→ Try it: Go through the data below and repeat it exactly, skipping each picture.

→ Provided data:
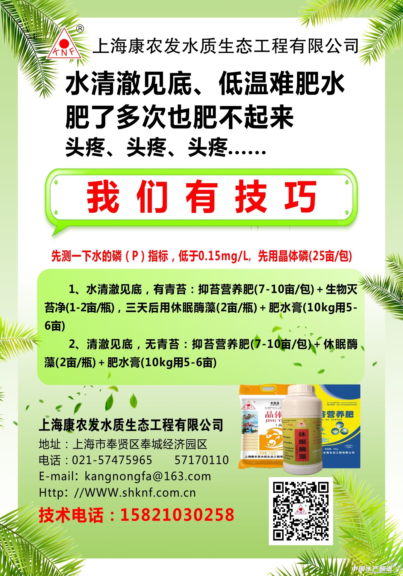 上海康農(nóng)發(fā)水質生態(tài)工程有限公司座落于國際繁華大都市和多元化文化氣息的杭州灣畔。上海,秉著得天獨厚的文化、掌握著國際最新信息資源,在積極創(chuàng)新不斷努力提高產(chǎn)品品質的;同時,也著手于開發(fā)新一代的生物活水、調水、改水和微生態(tài)動保產(chǎn)品,公司自 2004 年成立以來,經(jīng)歷過風風雨雨后,厚積薄發(fā),在江浙滬地區(qū)頗有名氣,創(chuàng)造了多個百萬級的客戶,公司一直引導在水產(chǎn)養(yǎng)殖行業(yè)以綠色生態(tài)養(yǎng)殖、無殘留、無公害的生態(tài)養(yǎng)殖為新概念,并同時配套了擁有綠色生態(tài)、健康養(yǎng)殖水環(huán)境的技術服務。康農(nóng)發(fā)水質生態(tài),永無止境的追求是我們的口號,也是我們孜孜不倦的追求目標。對于目前水產(chǎn)養(yǎng)殖雜亂無序的養(yǎng)殖技術要點,我公司針對自己產(chǎn)品的特性,為了讓養(yǎng)殖客戶使用產(chǎn)品簡易化,公司相應提供了一些簡便且高效的使用小技巧,并且制作出了通俗易懂一目了然的海報,大大的解決了養(yǎng)殖戶們的產(chǎn)品使用迷茫及困惑。同時,公司在滿足水產(chǎn)行業(yè)以綠色生態(tài)養(yǎng)殖的前提下,在湖北投資籌建新的生產(chǎn)基地,并正積極的投入到畜禽生態(tài)養(yǎng)殖和觀賞水池的水環(huán)境改良工程。
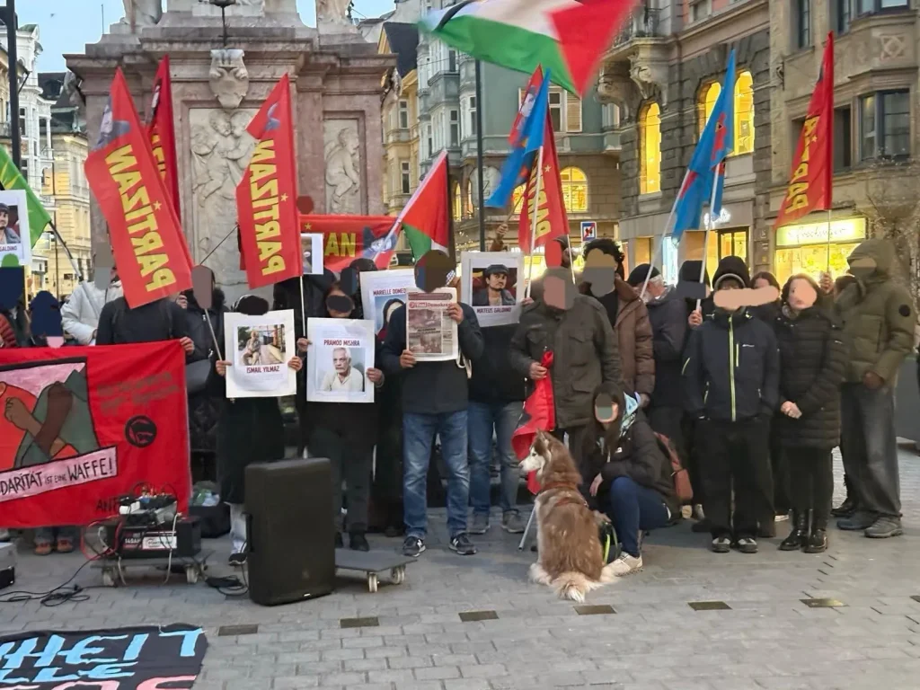 Durante a manifestação, os leitores do Partizan exibiram fotografias de prisioneiros revolucionários da Turquia, Índia e Brasil.
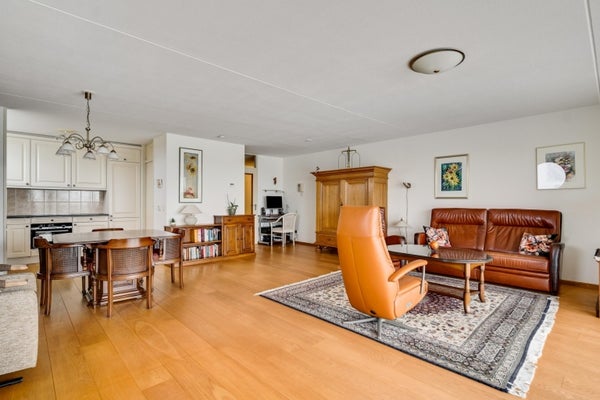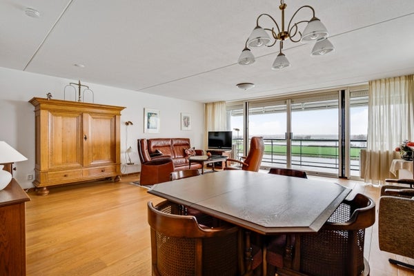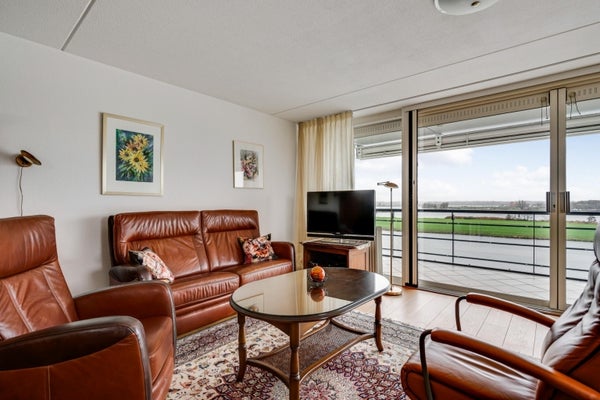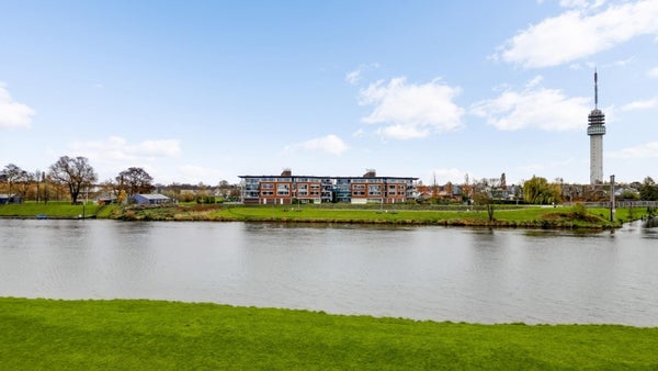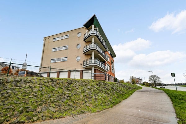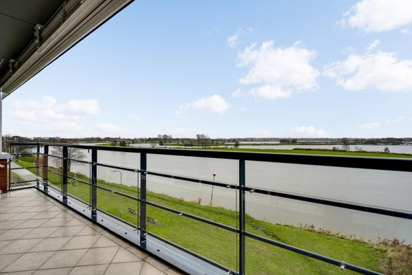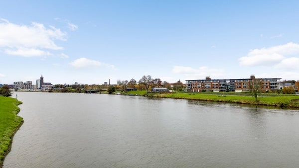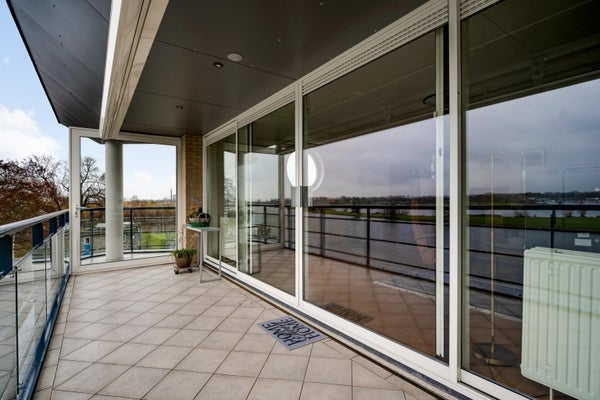 Dit bijzondere appartement met twee slaapkamers bevindt zich op de bovenste verdieping van complex Pont Rouge aan de Abdis Aleydisstraat 55 in Roermond. Het biedt adembenemend uitzicht op de Maas en de Maasplassen. De centrale entree met lift leidt naar de ruime living die baadt in natuurlijk licht dankzij de brede raampartijen. Aangrenzend vindt u een zonnig balkon met elektrische zonwering, perfect voor ontspanning. De open keuken is volledig uitgerust en sluit aan op een praktische berging. Verder zijn er twee comfortabele slaapkamers en een complete badkamer. In de rustige woonwijk Hammerveld zijn basisschool en wandelroutes dichtbij. De bereikbaarheid is uitstekend via de A73 en A2. Dit appartement combineert luxe, rust en stadsvoordelen. Woonoppervlakte: ca. 97 m². Energielabel B.

→ Task solution:
 上海康農(nóng)發(fā)水質生態(tài)工程有限公司座落于國際繁華大都市和多元化文化氣息的杭州灣畔。上海,秉著得天獨厚的文化、掌握著國際最新信息資源,在積極創(chuàng)新不斷努力提高產(chǎn)品品質的;同時,也著手于開發(fā)新一代的生物活水、調水、改水和微生態(tài)動保產(chǎn)品,公司自 2004 年成立以來,經(jīng)歷過風風雨雨后,厚積薄發(fā),在江浙滬地區(qū)頗有名氣,創(chuàng)造了多個百萬級的客戶,公司一直引導在水產(chǎn)養(yǎng)殖行業(yè)以綠色生態(tài)養(yǎng)殖、無殘留、無公害的生態(tài)養(yǎng)殖為新概念,并同時配套了擁有綠色生態(tài)、健康養(yǎng)殖水環(huán)境的技術服務。康農(nóng)發(fā)水質生態(tài),永無止境的追求是我們的口號,也是我們孜孜不倦的追求目標。對于目前水產(chǎn)養(yǎng)殖雜亂無序的養(yǎng)殖技術要點,我公司針對自己產(chǎn)品的特性,為了讓養(yǎng)殖客戶使用產(chǎn)品簡易化,公司相應提供了一些簡便且高效的使用小技巧,并且制作出了通俗易懂一目了然的海報,大大的解決了養(yǎng)殖戶們的產(chǎn)品使用迷茫及困惑。同時,公司在滿足水產(chǎn)行業(yè)以綠色生態(tài)養(yǎng)殖的前提下,在湖北投資籌建新的生產(chǎn)基地,并正積極的投入到畜禽生態(tài)養(yǎng)殖和觀賞水池的水環(huán)境改良工程。
 Durante a manifestação, os leitores do Partizan exibiram fotografias de prisioneiros revolucionários da Turquia, Índia e Brasil.
 Dit bijzondere appartement met twee slaapkamers bevindt zich op de bovenste verdieping van complex Pont Rouge aan de Abdis Aleydisstraat 55 in Roermond. Het biedt adembenemend uitzicht op de Maas en de Maasplassen. De centrale entree met lift leidt naar de ruime living die baadt in natuurlijk licht dankzij de brede raampartijen. Aangrenzend vindt u een zonnig balkon met elektrische zonwering, perfect voor ontspanning. De open keuken is volledig uitgerust en sluit aan op een praktische berging. Verder zijn er twee comfortabele slaapkamers en een complete badkamer. In de rustige woonwijk Hammerveld zijn basisschool en wandelroutes dichtbij. De bereikbaarheid is uitstekend via de A73 en A2. Dit appartement combineert luxe, rust en stadsvoordelen. Woonoppervlakte: ca. 97 m². Energielabel B.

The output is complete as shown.